Starting at the line below that contains "18K valkokullasta valmistettu", print each line through the end of the records exactly as it appears.

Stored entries
=== Section Start ===
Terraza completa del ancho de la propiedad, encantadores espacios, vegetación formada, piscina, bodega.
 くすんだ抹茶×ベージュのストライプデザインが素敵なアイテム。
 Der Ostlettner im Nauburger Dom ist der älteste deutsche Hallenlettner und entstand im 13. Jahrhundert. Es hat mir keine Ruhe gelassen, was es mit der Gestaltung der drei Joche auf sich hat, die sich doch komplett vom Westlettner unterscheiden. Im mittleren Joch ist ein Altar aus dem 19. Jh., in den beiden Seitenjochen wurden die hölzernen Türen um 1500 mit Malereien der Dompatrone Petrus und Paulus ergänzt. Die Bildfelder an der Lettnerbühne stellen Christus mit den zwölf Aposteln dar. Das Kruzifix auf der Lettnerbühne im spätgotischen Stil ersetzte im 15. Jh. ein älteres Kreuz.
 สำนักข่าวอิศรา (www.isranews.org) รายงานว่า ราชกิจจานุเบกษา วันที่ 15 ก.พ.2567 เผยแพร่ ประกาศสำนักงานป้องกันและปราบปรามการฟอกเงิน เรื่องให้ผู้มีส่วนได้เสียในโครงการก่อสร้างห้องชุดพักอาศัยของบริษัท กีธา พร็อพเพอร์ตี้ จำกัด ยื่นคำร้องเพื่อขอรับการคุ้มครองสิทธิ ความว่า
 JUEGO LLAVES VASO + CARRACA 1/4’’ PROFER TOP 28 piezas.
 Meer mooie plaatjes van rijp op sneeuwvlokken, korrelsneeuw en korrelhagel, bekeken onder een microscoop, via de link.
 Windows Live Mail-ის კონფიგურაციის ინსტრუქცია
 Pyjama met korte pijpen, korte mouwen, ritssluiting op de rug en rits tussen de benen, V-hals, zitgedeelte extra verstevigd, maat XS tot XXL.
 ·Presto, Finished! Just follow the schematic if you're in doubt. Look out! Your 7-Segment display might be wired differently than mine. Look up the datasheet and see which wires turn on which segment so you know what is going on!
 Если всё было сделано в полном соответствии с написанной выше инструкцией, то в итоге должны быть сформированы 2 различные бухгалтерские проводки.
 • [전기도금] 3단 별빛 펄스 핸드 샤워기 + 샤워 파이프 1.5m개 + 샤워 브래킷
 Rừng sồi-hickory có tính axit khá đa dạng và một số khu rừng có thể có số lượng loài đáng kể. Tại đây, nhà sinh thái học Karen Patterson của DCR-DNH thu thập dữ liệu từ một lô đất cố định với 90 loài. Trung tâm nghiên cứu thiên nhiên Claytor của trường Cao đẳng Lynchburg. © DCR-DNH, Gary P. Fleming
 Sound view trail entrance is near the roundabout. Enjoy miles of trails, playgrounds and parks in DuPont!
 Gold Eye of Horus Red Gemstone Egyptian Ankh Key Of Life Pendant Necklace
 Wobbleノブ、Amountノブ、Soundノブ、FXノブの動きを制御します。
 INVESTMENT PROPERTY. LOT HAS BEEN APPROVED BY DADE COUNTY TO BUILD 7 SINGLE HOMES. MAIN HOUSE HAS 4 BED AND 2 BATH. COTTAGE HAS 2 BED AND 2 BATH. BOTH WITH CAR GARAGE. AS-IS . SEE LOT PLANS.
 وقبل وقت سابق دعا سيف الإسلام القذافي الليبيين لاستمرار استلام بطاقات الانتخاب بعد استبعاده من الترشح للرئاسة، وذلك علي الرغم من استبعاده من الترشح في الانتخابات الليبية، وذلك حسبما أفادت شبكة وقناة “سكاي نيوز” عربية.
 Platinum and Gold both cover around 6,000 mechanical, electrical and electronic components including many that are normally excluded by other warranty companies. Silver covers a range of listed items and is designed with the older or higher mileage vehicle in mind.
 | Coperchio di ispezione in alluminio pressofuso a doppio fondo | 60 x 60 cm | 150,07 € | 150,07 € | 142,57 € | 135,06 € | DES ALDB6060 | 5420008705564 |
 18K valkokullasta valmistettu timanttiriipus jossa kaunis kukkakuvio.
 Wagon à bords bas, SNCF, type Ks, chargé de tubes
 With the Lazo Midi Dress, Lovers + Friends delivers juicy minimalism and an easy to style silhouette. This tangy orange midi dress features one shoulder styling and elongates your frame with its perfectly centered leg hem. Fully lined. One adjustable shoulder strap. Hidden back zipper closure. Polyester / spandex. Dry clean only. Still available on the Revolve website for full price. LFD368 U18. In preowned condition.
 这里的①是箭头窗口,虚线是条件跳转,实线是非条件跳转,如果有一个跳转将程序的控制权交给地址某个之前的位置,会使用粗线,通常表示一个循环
=== Section End ===
**Result of this exercise**
 18K valkokullasta valmistettu timanttiriipus jossa kaunis kukkakuvio.
 Wagon à bords bas, SNCF, type Ks, chargé de tubes
 With the Lazo Midi Dress, Lovers + Friends delivers juicy minimalism and an easy to style silhouette. This tangy orange midi dress features one shoulder styling and elongates your frame with its perfectly centered leg hem. Fully lined. One adjustable shoulder strap. Hidden back zipper closure. Polyester / spandex. Dry clean only. Still available on the Revolve website for full price. LFD368 U18. In preowned condition.
 这里的①是箭头窗口,虚线是条件跳转,实线是非条件跳转,如果有一个跳转将程序的控制权交给地址某个之前的位置,会使用粗线,通常表示一个循环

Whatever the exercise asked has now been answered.